*Task instructions*:
Below are records with pictures in them; print them exactly, omitting the pictures.

*Extracted records*:
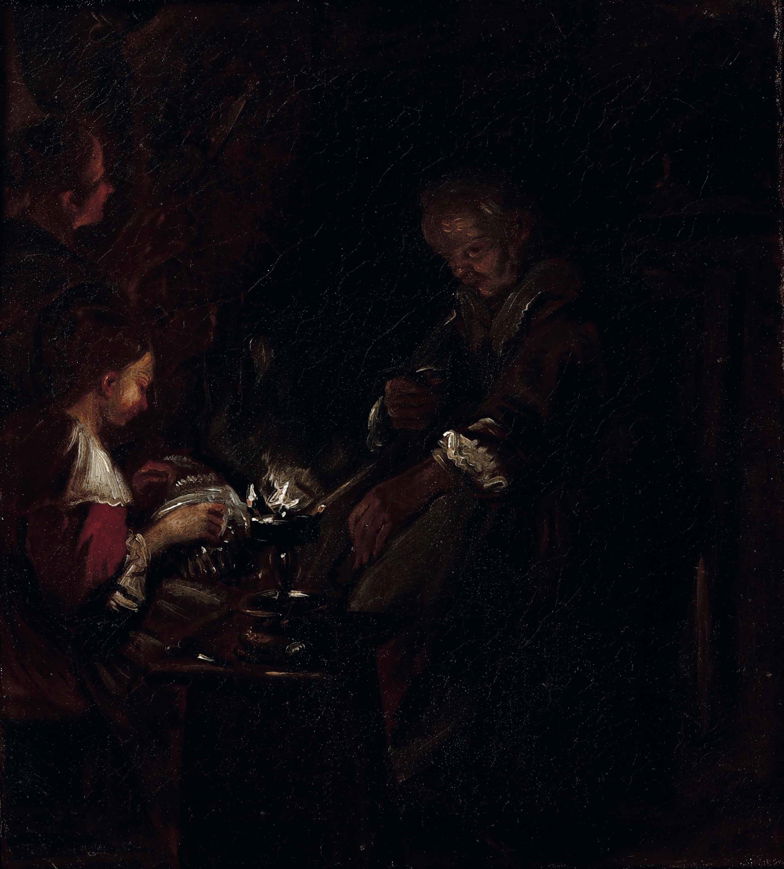 Scuola fiamminga del XVII secolo Scena di interno con donne al lavoro
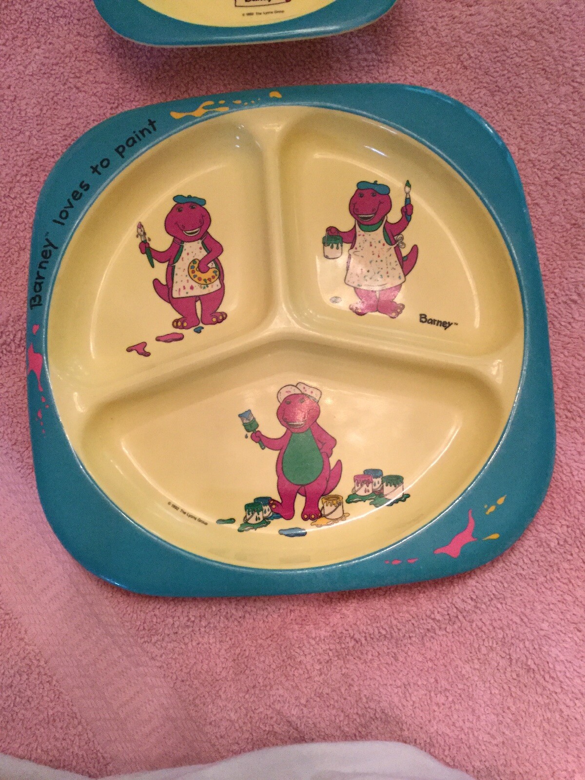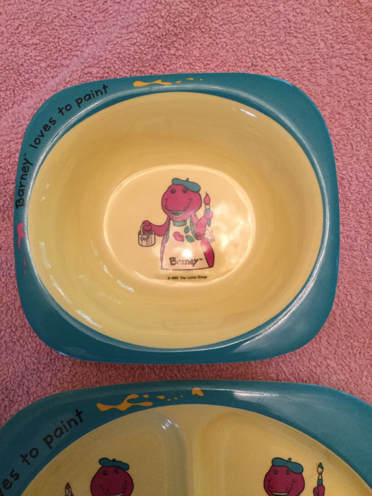 как выглядит 1992 Barney Loves To Paint Melamine Sectional Plate/Bowl фото
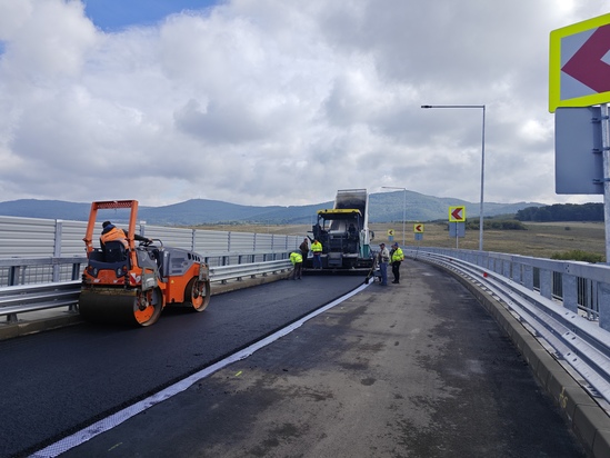 10月7日,在監(jiān)理、當(dāng)?shù)毓こ處煛⒅蟹絾T工共同參與下,羅馬尼亞繞城公路項(xiàng)目正式開始了橋梁第二層瀝青混凝土攤鋪工作。
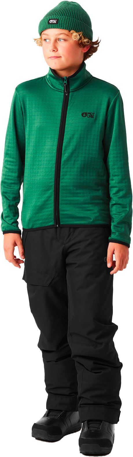Pantalon de ski Time Black Picture Organic Clothing enfant, membrane Dryplay 10K/10K, coutures étanches, isolation Thermal STD recyclée, taille ajustable et système I-Fit évolutif.
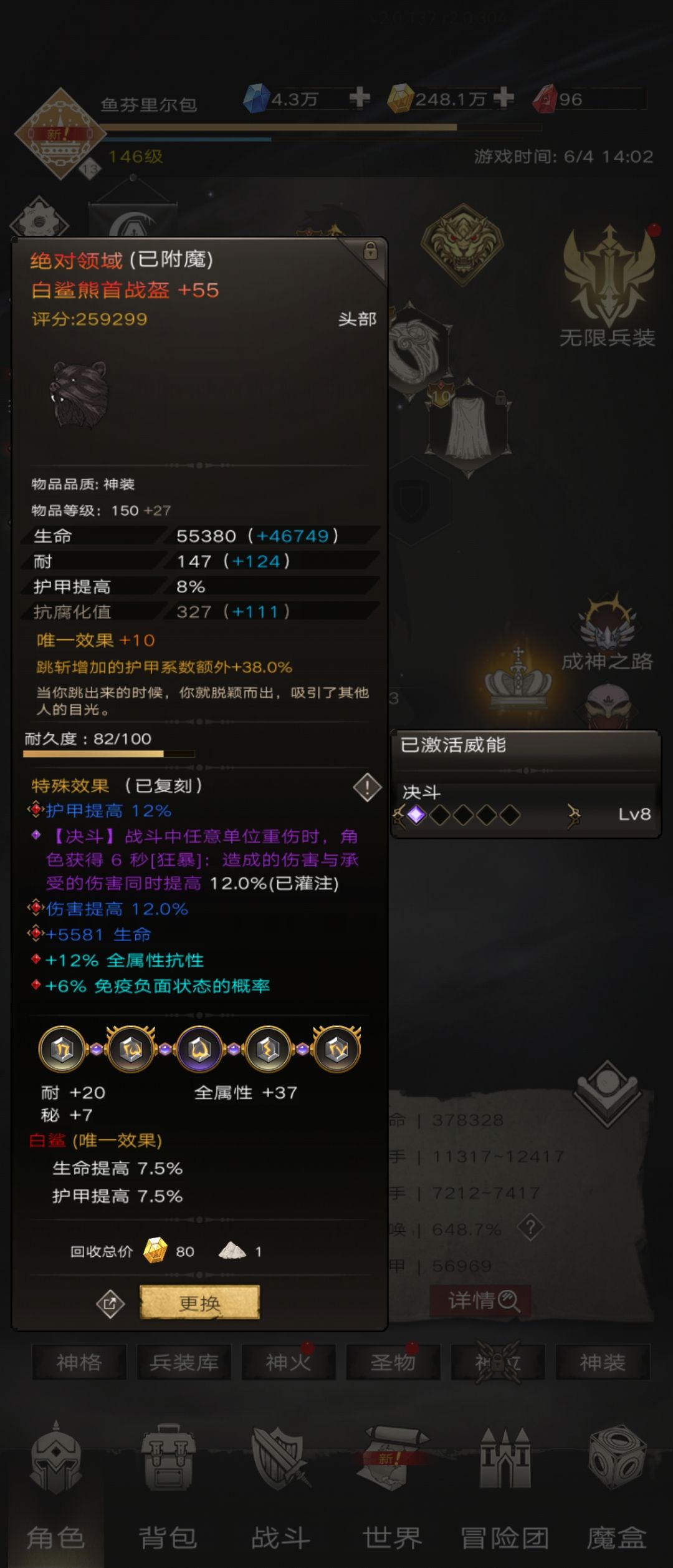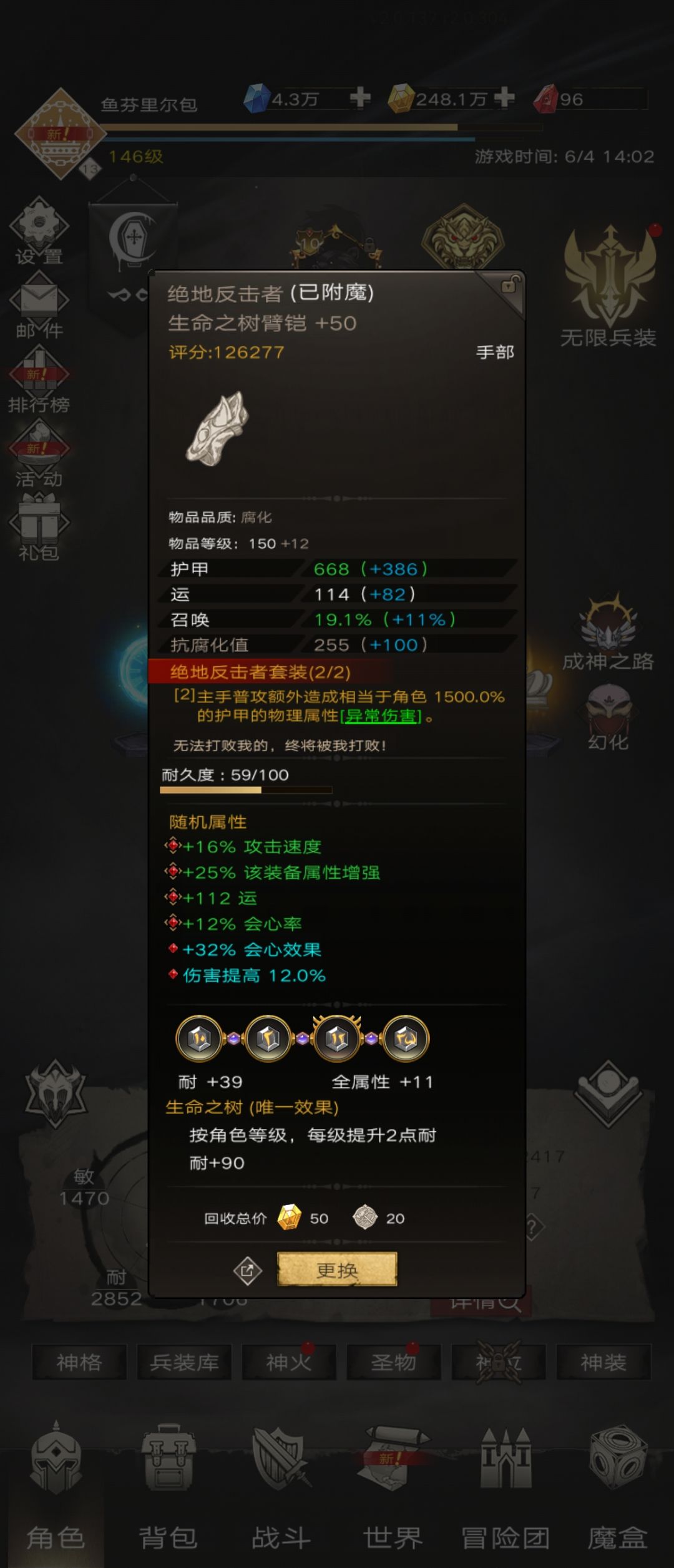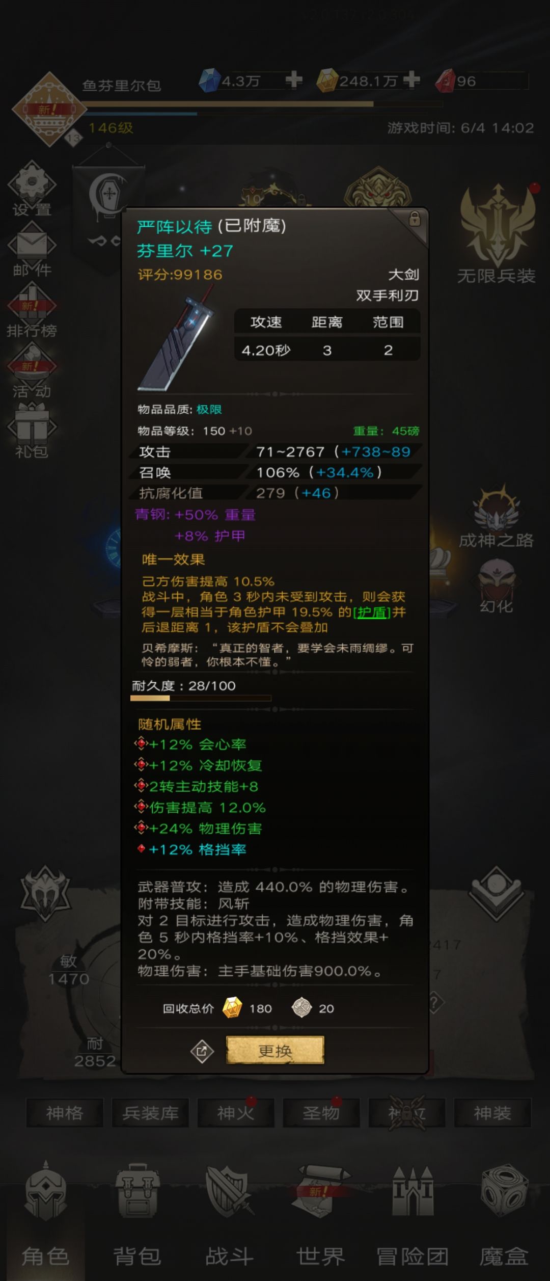 前言:芬里尔的强度并不是特别高,如果是以为新兵装强度高所以才玩的话,不是特别建议玩。这个兵装如果想要解锁54000%倍率的大招必须要六星满超限,如果没有六星满超限伤害会少一截。毕竟大招是整个兵装技能唯一的高倍率输出技能。芬里尔还是个需要堆护甲,格挡,会心,冷却,攻速,攻击力的超级兵装。算是偏后期才能厉害的,此攻略仅限前期,即150级万神T85。
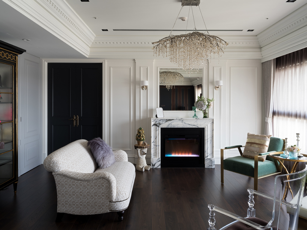 ▲緊臨著客廳的是設置壁爐的起居空間,運用鏡面、水晶吊燈以及古典線條,圍塑出輕奢時尚的休憩一角,藉由空間的切換,也轉換出與家人、訪客互動的不同心境。
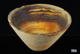 banded alabaster with a broad flat rim and body flaring out toward the base.
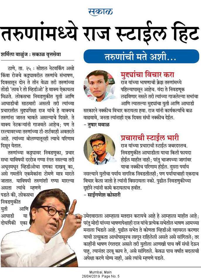 आजच्या दैनिक सकाळच्या मुंबई आवृत्ती मधील मनसे अध्यक्ष मा.राजसाहेब ठाकरे यांची विशेष मुलाखत तसेच मा.राजसाहेबांनी मोदी-शाह यांच्या हुकुमशाही विरोधात घेतलेल्या बेधडक-सडेतोड भूमिकेबाबत जनसामान्यांच्या प्रतिक्रीया.
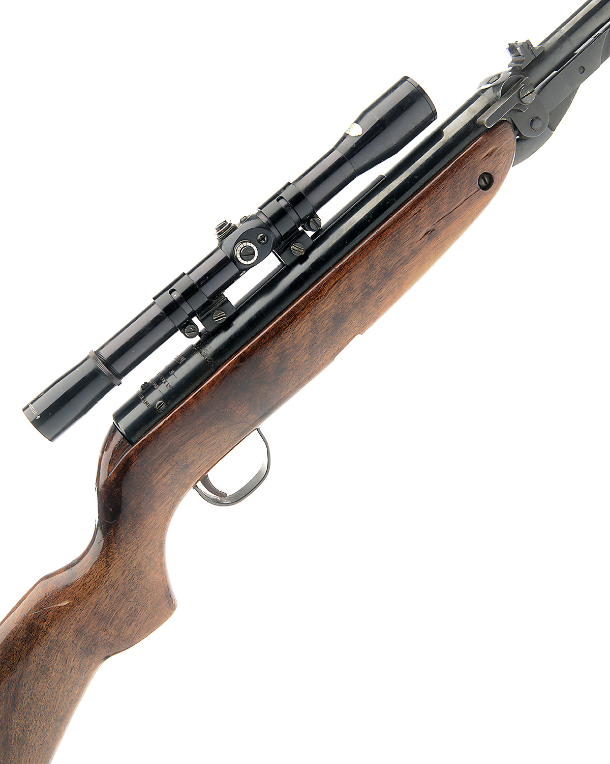 A .22 UNDER-LEVER AIR-RIFLE SIGNED WEBLEY & SCOTT, MODEL 'MK3', serial no. A1524, with blued and sighted 18 1/2in. barrel retaining fore-sight protector, blued air-chamber with applied telescopic sight rail and walnut half-stock, fitted with a Webley 4x20 telescopic sight, generally collector's condition

*Task answer*:
 Scuola fiamminga del XVII secolo Scena di interno con donne al lavoro
 как выглядит 1992 Barney Loves To Paint Melamine Sectional Plate/Bowl фото
 10月7日,在監(jiān)理、當(dāng)?shù)毓こ處煛⒅蟹絾T工共同參與下,羅馬尼亞繞城公路項(xiàng)目正式開始了橋梁第二層瀝青混凝土攤鋪工作。
Pantalon de ski Time Black Picture Organic Clothing enfant, membrane Dryplay 10K/10K, coutures étanches, isolation Thermal STD recyclée, taille ajustable et système I-Fit évolutif.
 前言:芬里尔的强度并不是特别高,如果是以为新兵装强度高所以才玩的话,不是特别建议玩。这个兵装如果想要解锁54000%倍率的大招必须要六星满超限,如果没有六星满超限伤害会少一截。毕竟大招是整个兵装技能唯一的高倍率输出技能。芬里尔还是个需要堆护甲,格挡,会心,冷却,攻速,攻击力的超级兵装。算是偏后期才能厉害的,此攻略仅限前期,即150级万神T85。
 ▲緊臨著客廳的是設置壁爐的起居空間,運用鏡面、水晶吊燈以及古典線條,圍塑出輕奢時尚的休憩一角,藉由空間的切換,也轉換出與家人、訪客互動的不同心境。
 banded alabaster with a broad flat rim and body flaring out toward the base.
 आजच्या दैनिक सकाळच्या मुंबई आवृत्ती मधील मनसे अध्यक्ष मा.राजसाहेब ठाकरे यांची विशेष मुलाखत तसेच मा.राजसाहेबांनी मोदी-शाह यांच्या हुकुमशाही विरोधात घेतलेल्या बेधडक-सडेतोड भूमिकेबाबत जनसामान्यांच्या प्रतिक्रीया.
 A .22 UNDER-LEVER AIR-RIFLE SIGNED WEBLEY & SCOTT, MODEL 'MK3', serial no. A1524, with blued and sighted 18 1/2in. barrel retaining fore-sight protector, blued air-chamber with applied telescopic sight rail and walnut half-stock, fitted with a Webley 4x20 telescopic sight, generally collector's condition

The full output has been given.